ABOUT THIS TASK: Reproduce all the data exactly, without pictures.

GIVEN MATERIAL:
--------
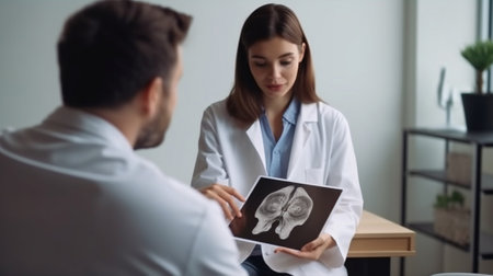 Survey radiography of the skull of a man. A doctor radiologist is studying an x-ray examination. A snapshot of the skull is placed on the patient’s head.
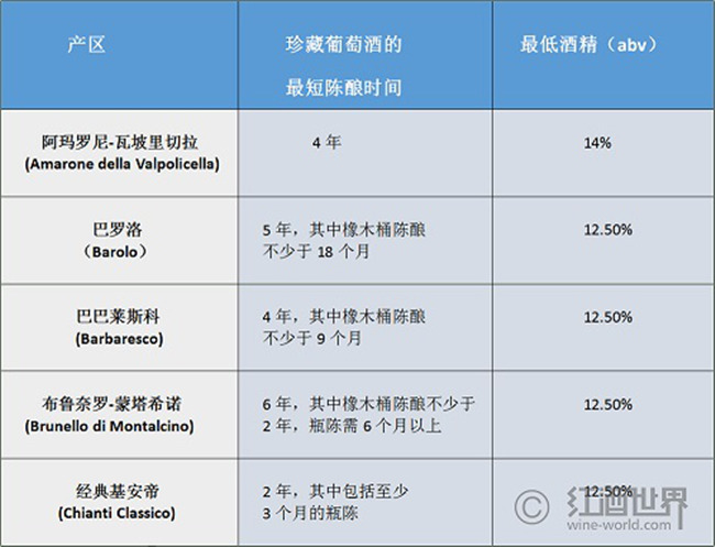 意大利用“Riserva”來(lái)表示珍藏,并對(duì)該詞的使用作出了嚴(yán)格規(guī)定。但不同于西班牙,意大利的規(guī)定并不統(tǒng)一,而是依各個(gè)產(chǎn)區(qū)的法規(guī)而定:“珍藏”葡萄酒的酒精度和陳釀時(shí)間均需要超過(guò)其所在產(chǎn)區(qū)的法定最低標(biāo)準(zhǔn)。因此,在意大利不同的產(chǎn)區(qū),“珍藏”葡萄酒需要滿(mǎn)足的標(biāo)準(zhǔn)大有不同,具體可見(jiàn)下表:
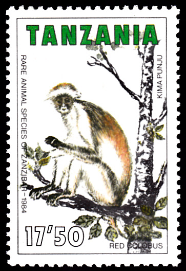 Auf einer Marken aus Tansania (MiNr 261) ist ein Westafrikanische Stummelaffe (Piliocolobus badius) abgebildet. Michel nennt als Name einfach Roter Stummelaffe (Colobus badius).
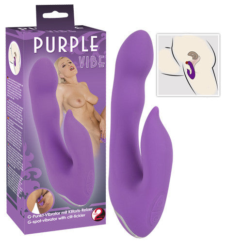 Purple-coloured silicone vibrator with clit-tickler, each with a motor. 7 silent vibration levels, adjustable via silicone-coated LED buttons. Total length vibrator approx. 20 cm, penetration depth 13.5 cm. Ø 2.8 - 3.4 cm. Material: silicone, ABS, phthalate-free according to EU Regulation REACH. (Please order batteries separately: 2 x Micro/AAA).
--------
RESPONSE BELOW:
 Survey radiography of the skull of a man. A doctor radiologist is studying an x-ray examination. A snapshot of the skull is placed on the patient’s head.
 意大利用“Riserva”來(lái)表示珍藏,并對(duì)該詞的使用作出了嚴(yán)格規(guī)定。但不同于西班牙,意大利的規(guī)定并不統(tǒng)一,而是依各個(gè)產(chǎn)區(qū)的法規(guī)而定:“珍藏”葡萄酒的酒精度和陳釀時(shí)間均需要超過(guò)其所在產(chǎn)區(qū)的法定最低標(biāo)準(zhǔn)。因此,在意大利不同的產(chǎn)區(qū),“珍藏”葡萄酒需要滿(mǎn)足的標(biāo)準(zhǔn)大有不同,具體可見(jiàn)下表:
 Auf einer Marken aus Tansania (MiNr 261) ist ein Westafrikanische Stummelaffe (Piliocolobus badius) abgebildet. Michel nennt als Name einfach Roter Stummelaffe (Colobus badius).
 Purple-coloured silicone vibrator with clit-tickler, each with a motor. 7 silent vibration levels, adjustable via silicone-coated LED buttons. Total length vibrator approx. 20 cm, penetration depth 13.5 cm. Ø 2.8 - 3.4 cm. Material: silicone, ABS, phthalate-free according to EU Regulation REACH. (Please order batteries separately: 2 x Micro/AAA).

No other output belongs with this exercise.